## DIRECTIONS
Your copy begins at the line with "本次三個領域創作者們使用的 ASUS Zenbook" and runs through the end of the data below. Set down only those lines exactly, without pictures.

## STORED DATA

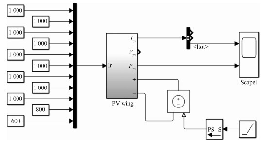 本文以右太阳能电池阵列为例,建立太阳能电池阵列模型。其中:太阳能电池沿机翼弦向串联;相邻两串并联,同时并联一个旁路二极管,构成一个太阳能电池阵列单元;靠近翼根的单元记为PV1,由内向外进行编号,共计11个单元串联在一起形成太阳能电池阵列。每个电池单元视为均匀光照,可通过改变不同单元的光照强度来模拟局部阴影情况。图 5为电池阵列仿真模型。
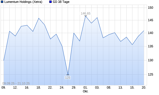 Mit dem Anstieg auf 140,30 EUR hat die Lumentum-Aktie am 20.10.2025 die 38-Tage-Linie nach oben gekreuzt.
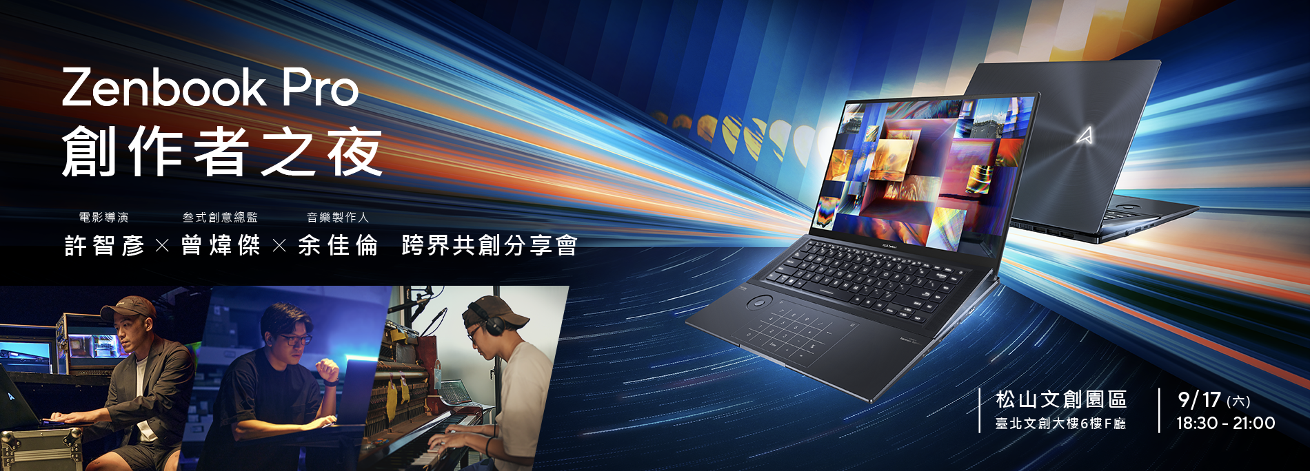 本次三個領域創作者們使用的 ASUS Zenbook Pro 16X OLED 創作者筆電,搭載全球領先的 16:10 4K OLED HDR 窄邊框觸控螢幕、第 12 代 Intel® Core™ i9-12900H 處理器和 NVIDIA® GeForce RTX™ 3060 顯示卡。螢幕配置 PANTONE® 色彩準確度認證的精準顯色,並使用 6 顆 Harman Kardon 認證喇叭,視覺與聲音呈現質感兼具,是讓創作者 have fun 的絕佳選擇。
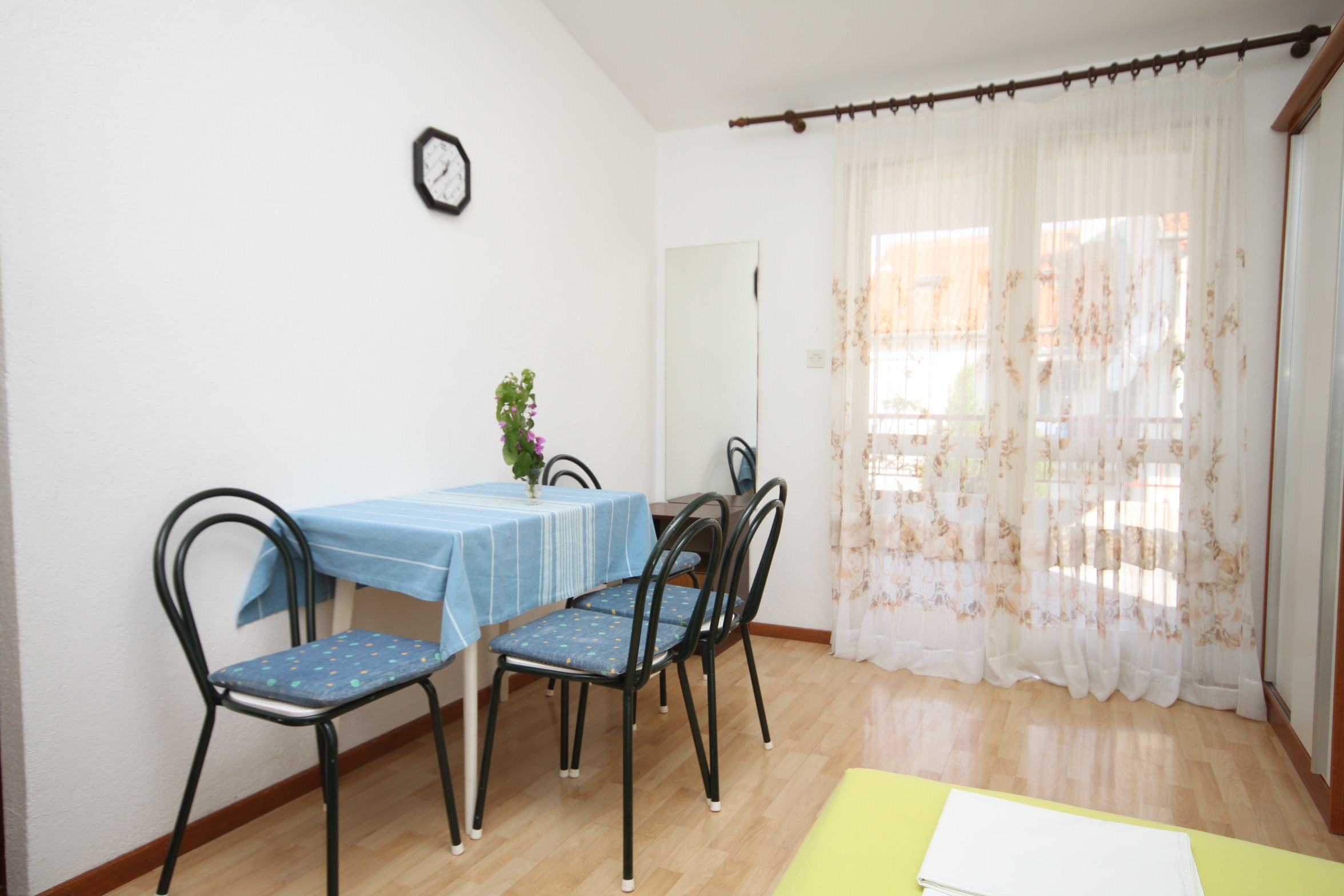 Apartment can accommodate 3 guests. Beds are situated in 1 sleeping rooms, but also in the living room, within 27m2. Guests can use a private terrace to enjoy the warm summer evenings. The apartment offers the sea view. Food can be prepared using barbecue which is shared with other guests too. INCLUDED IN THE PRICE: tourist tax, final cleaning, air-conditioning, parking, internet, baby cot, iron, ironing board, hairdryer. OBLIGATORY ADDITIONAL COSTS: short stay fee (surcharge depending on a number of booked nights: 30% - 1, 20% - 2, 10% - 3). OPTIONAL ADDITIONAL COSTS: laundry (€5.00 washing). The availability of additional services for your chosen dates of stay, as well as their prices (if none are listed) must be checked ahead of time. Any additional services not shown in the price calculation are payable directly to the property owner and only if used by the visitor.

## WRITTEN RESPONSE
 本次三個領域創作者們使用的 ASUS Zenbook Pro 16X OLED 創作者筆電,搭載全球領先的 16:10 4K OLED HDR 窄邊框觸控螢幕、第 12 代 Intel® Core™ i9-12900H 處理器和 NVIDIA® GeForce RTX™ 3060 顯示卡。螢幕配置 PANTONE® 色彩準確度認證的精準顯色,並使用 6 顆 Harman Kardon 認證喇叭,視覺與聲音呈現質感兼具,是讓創作者 have fun 的絕佳選擇。
 Apartment can accommodate 3 guests. Beds are situated in 1 sleeping rooms, but also in the living room, within 27m2. Guests can use a private terrace to enjoy the warm summer evenings. The apartment offers the sea view. Food can be prepared using barbecue which is shared with other guests too. INCLUDED IN THE PRICE: tourist tax, final cleaning, air-conditioning, parking, internet, baby cot, iron, ironing board, hairdryer. OBLIGATORY ADDITIONAL COSTS: short stay fee (surcharge depending on a number of booked nights: 30% - 1, 20% - 2, 10% - 3). OPTIONAL ADDITIONAL COSTS: laundry (€5.00 washing). The availability of additional services for your chosen dates of stay, as well as their prices (if none are listed) must be checked ahead of time. Any additional services not shown in the price calculation are payable directly to the property owner and only if used by the visitor.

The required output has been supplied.